# Do you guys have your eye on Jay Williams?



## Darius Miles Davis (Aug 2, 2002)

Former Bull Jay Williams has been rehabbing hard for slightly over a year from his accident. He's now playing basketball in tournaments, although I've not read any articles about anyone who has seen him. Recently, he was quoted in an article in which he said he was 80-85% back, which was a big surprise, because it was much higher than a figure from another recent article. He plans a return to the NBA either midseason or at the beginning of next year.

Jay has some sort of handshake agreement that the Bulls will have the first chance to sign him. Especially if he wants to come back in the middle of this year, I'm not so sure the Bulls really have a place for him, as we're overloaded with small guards. If John Paxson just isn't interested in making a place for Jay (a big mistake IMO, especially if he gets close to where he was pre injury), he will then start looking for another team. And I believe the Bobcats make the most sense.

First off he's a local guy. And a local hero at that. Secondly, your team has many young players and will lack leadership, something Jay has naturally despite his young age. You also are in need of a quality point guard, as your roster will be taking shape over the next few years. Finally, you have financial flexibility and would have the resources to sign Jay if interest is mutual.

So are you looking out for him? Would you want him? Or do you think he's done?


----------



## Pacers Fan (Aug 25, 2002)

Jay Williams would be an excellent signing by the Bobcats if he amount to more than Bobby Hurley in his career. He still has the potential to be a solid starting PG, but probably not as good as many thought he would.


----------



## HeinzGuderian (Jun 29, 2004)

Going to Duke doesnt make him a local hero, it means half (more like a third) will love the Bobcats, and the rest will run them out of the state.


----------



## Pan Mengtu (Jun 18, 2004)

I think it would be a good risk to take for the Bobcats.
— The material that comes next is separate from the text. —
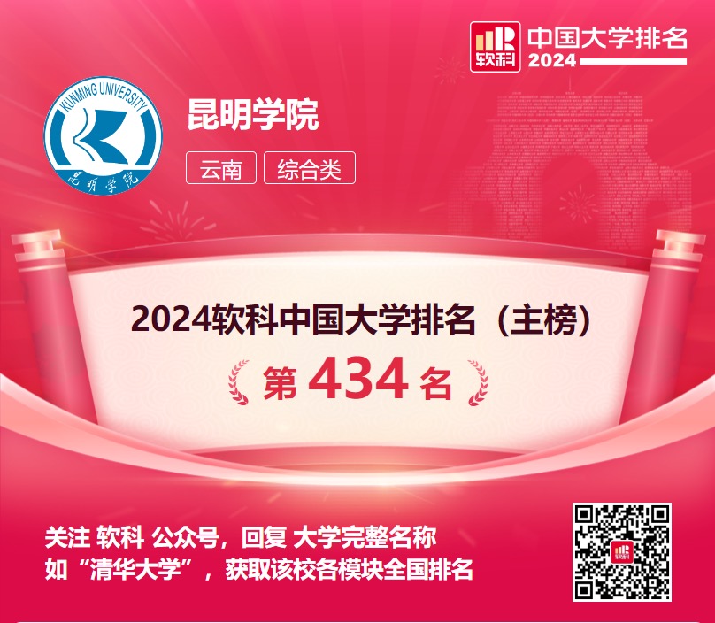 近日,高等教育专业评价机构软科发布“2024软科中国大学排名”,新葡萄8883官网AMG主榜排名全国第434名,比去年提升63位,为云南10所位列主榜500强高校之一,是云南省排名位次年度提升幅度最大的高校。

As long as he's not expecting a long term or big contract.


----------



## Ben1 (May 20, 2003)

This should be a good move for the Bobcats IMO, a short contract should be great. A good risk to take.


----------



## WhoDaBest23 (Apr 16, 2003)

I'm still rooting for this to happen...


----------



## Kapono2Okafor (Oct 20, 2004)

i agree if williams gets back to the form that he used to be in he can still be a potential all star guard and definitely a starter of hart or house


----------